Credit histories in one form or another have long been an important factor in decisions to extend or deny credit to consumers. Historically, such decisions required a skilled, human evaluation of the information in an applicant’s credit history to determine the likelihood that the applicant would repay a future loan in a timely manner. More recently, computer models have been developed to perform such evaluations. These models produce numerical credit scores that function as a shorthand version of an applicant’s credit history to facilitate quick credit assessments.
During the second half of the 1990s, mortgage underwriting increasingly incorporated credit scores and other automated evaluations of credit histories. As of 1999, approximately 60 to 70 percent of all mortgages were underwritten using an automated evaluation of credit, and the share was rising.
The automated quantification of the information in credit reports has not simply been used to decide whether or not to extend credit, but has also been used to set prices and terms for mortgages and other consumer credit. In certain cases, even very small differences in scores can result in substantially higher interest rates, and less favorable loan terms on new loans. Credit scores are also used to determine the cost of private mortgage insurance, which protects the lender, not the consumer, from loss but is required on mortgages with down payments of less than twenty percent. Lenders also review credit histories and/or credit scores to evaluate existing credit accounts, and use the information when deciding to change credit limits, interest rates, or other terms on those accounts.

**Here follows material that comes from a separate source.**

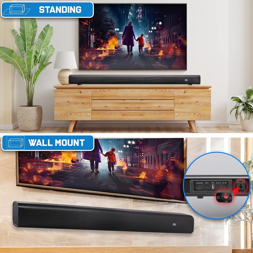 Introducing the 32'' 2.0 Channel Convertible Soundbar – a sleek and powerful audio solution for your home entertainment needs. Equipped with a built-in Class D Stereo Power Amplifier and four 2” full-range drivers with Y35 ferrite magnets, this soundbar delivers exceptional sound quality with forward-firing speakers for maximum SPL and sound staging. The built-in Bluetooth technology allows for effortless wireless music streaming, compatible with all of today's latest devices, including smartphones, tablets, laptops, and computers. The Bluetooth version 5.0 ensures a stable connection with a range of up to 32.8 feet. The soundbar features multiple input options, including a 3.5mm auxiliary input, optical input, USB/TF card input, and HDMI ARC input, providing versatile connectivity for all your audio sources. Additionally, the built-in LED lights add a stylish touch to your setup. Included in the box are the main speakers, a power adaptor, and a remote control, giving you everything you need to start enjoying high-quality sound right out of the box. With a maximum power of 80W and RMS power of 30W, this sound bar ensures powerful audio performance. Its compact dimensions of 31.5'' x 2.4'' x 2.4'' make it a perfect fit for any room. Upgrade your home audio experience with the 32'' 2.0 Channel Convertible Soundbar – where superior sound meets modern convenience.

In addition to lenders, potential landlords and employers may review credit histories and/or credit scores. Landlords may do so to determine if potential tenants are likely to pay their rent in a timely manner. Employers may review this information during a hiring process, especially for positions where employees are responsible for handling large sums of money. Utility providers, home telephone, and cell phone service providers also may request a credit report or credit score to decide whether or not to offer service to consumers.
Insurance companies have also begun using credit scores and similar insurance scores that are derived from the same credit histories – when underwriting consumer applications for new insurance and renewals of existing policies. Credit information has been used as a basis to raise premiums, deny coverage for new customers, and deny renewals of existing customers – even in the absence of other risk factors, such as moving violations or accidents. Some providers claim that credit scores are also used to offer insurance coverage to consumers who have previously been denied, or to lower insurance rates. This is a highly contested issue that is under review in dozens of state legislatures and insurance commissions.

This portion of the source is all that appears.